[Advaita-l] Tattvamasi - Advaita and Dvaita approach

Srinath Vedagarbha svedagarbha at gmail.com
Fri Mar 1 14:53:28 EST 2019


On Fri, Feb 15, 2019 at 6:07 PM Venkatesh Murthy via Advaita-l <
advaita-l at lists.advaita-vedanta.org> wrote:

> Namaste
>
> Plus there is one more objection from Dvaitis in the video. When you
> Advaitis do Jahadajahallaxana you are doing it on Both Tat and Tvam Padas.
> But  the Dvaitis can take Lakshyartha of Tvam Pada only and show Tat Tvam
> Asi like Tasya Adhinatvat and so on. Therefore they say Advaitis do
> Laksyartha for two Padas instead of one and this is Gaurava Dosha.
>
> Answer - Advaitis are not bound to do Jahadajahallaxana for two Padas. They
> can do it for Tvam Pada only and say Tat is Chinmatra Svarupa already.

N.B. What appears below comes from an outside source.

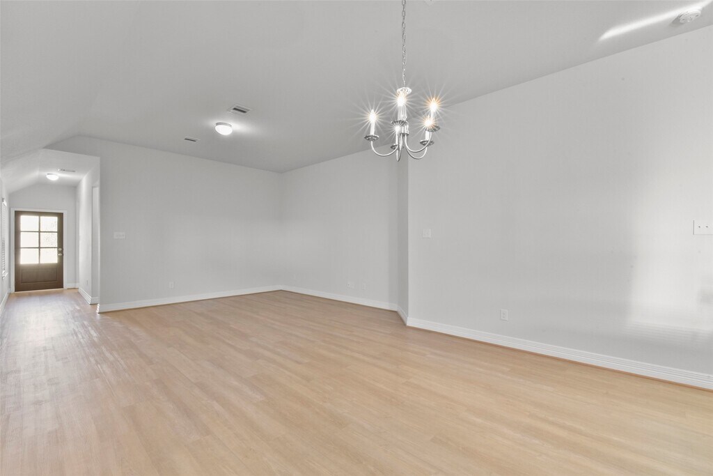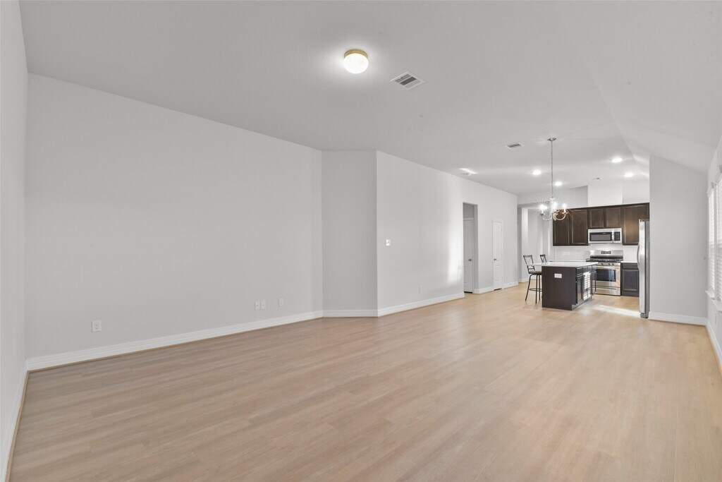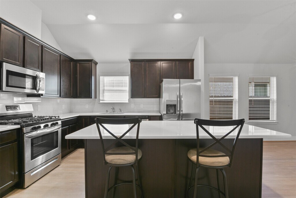 Beautiful 1-story,4-bedroom,2-bath home with a pocket office and high ceilings throughout. Features include luxury vinyl plank flooring in the family room,dining,utility,and all wet areas,with carpet in bedrooms. The kitchen offers quartz countertops with a large island,marble-like tile backsplash,42” upper cabinets,and stainless steel appliances including a microwave,range,and dishwasher. The primary bath features dual vanities,and the secondary bath also includes double sinks. Additional highlights include 2” blinds,upgraded trim,a 3-lite glass front door,garage door opener,covered patio,and a beautiful stone elevation. ENERGY STAR® Certified for added efficiency. MLS# 76961814

How is that "already" established?

That exactly is the argument of Madhusudhana, and for that Sri.Raamacharya
argues in his tarangiNi that -- chinmAtratva of Brahman is not established
unless you have that Mahavakya. In turn you argue for the applicability of
lakshyartha of two padas based on assiddha concept. It is a anyOnAShrya
dOSha.





> Tat
> is not having Sarvajnatva and Ishwaratva. It is Chinmatra only. Then Who is
> playing Ishwara's role? It is the single Jeeva's Maayaa only. This is
> explained in detail in DSV EJV. The Dvaitis don't know DSV. Or  in a way it
> is like Bhaamatikaara's position also. He also says Ishwara is Nirguna
> Brahma only and not the Saguna Ishwara.
>

So, Ishwara is single Jeeva's Maaya?

Ishwara is said to be "anaamayam" (flawless) by shAstras (for example
-- Sarvagnyam sarva-kartaaram Naaraayanam anaamayam etc.)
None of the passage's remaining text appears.